--- INFORMATION PROVIDED ---
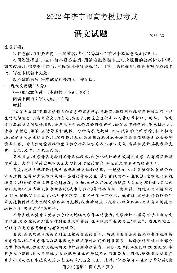 山东省济宁市2022.3高三年级第一次模拟试题语文及答案
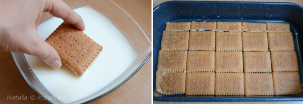 Na dno formy (może być taka jak do pieczenia ciasta) dajemy zanurzone w mleku herbatniki układając je jeden obok drugiego.
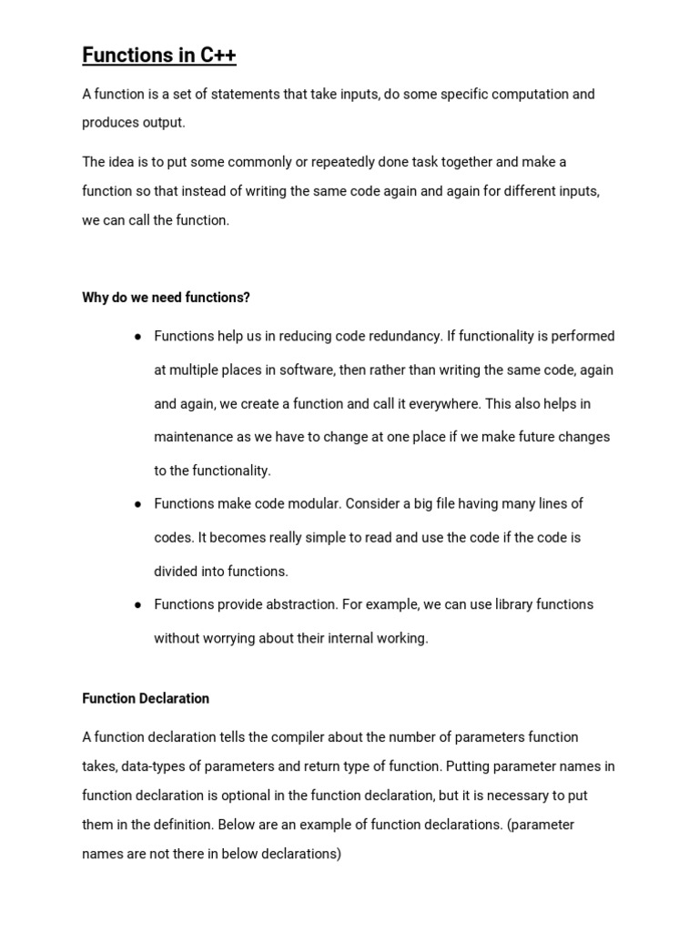 ● Functions make code modular: Consider a big file having many lines of codes. It
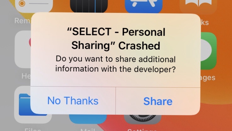 Also, if you hit Share, Sentry won’t receive the log. I am not 100% sure, but I made the test once and Sentry didn’t got it. But if you hit No Thanks, Sentry does got the crash report.

--- TASK DESCRIPTION ---
All of the material must be repeated exactly in the answer, apart from the pictures.

--- TASK SOLUTION ---
 山东省济宁市2022.3高三年级第一次模拟试题语文及答案
 Na dno formy (może być taka jak do pieczenia ciasta) dajemy zanurzone w mleku herbatniki układając je jeden obok drugiego.
 ● Functions make code modular: Consider a big file having many lines of codes. It
 Also, if you hit Share, Sentry won’t receive the log. I am not 100% sure, but I made the test once and Sentry didn’t got it. But if you hit No Thanks, Sentry does got the crash report.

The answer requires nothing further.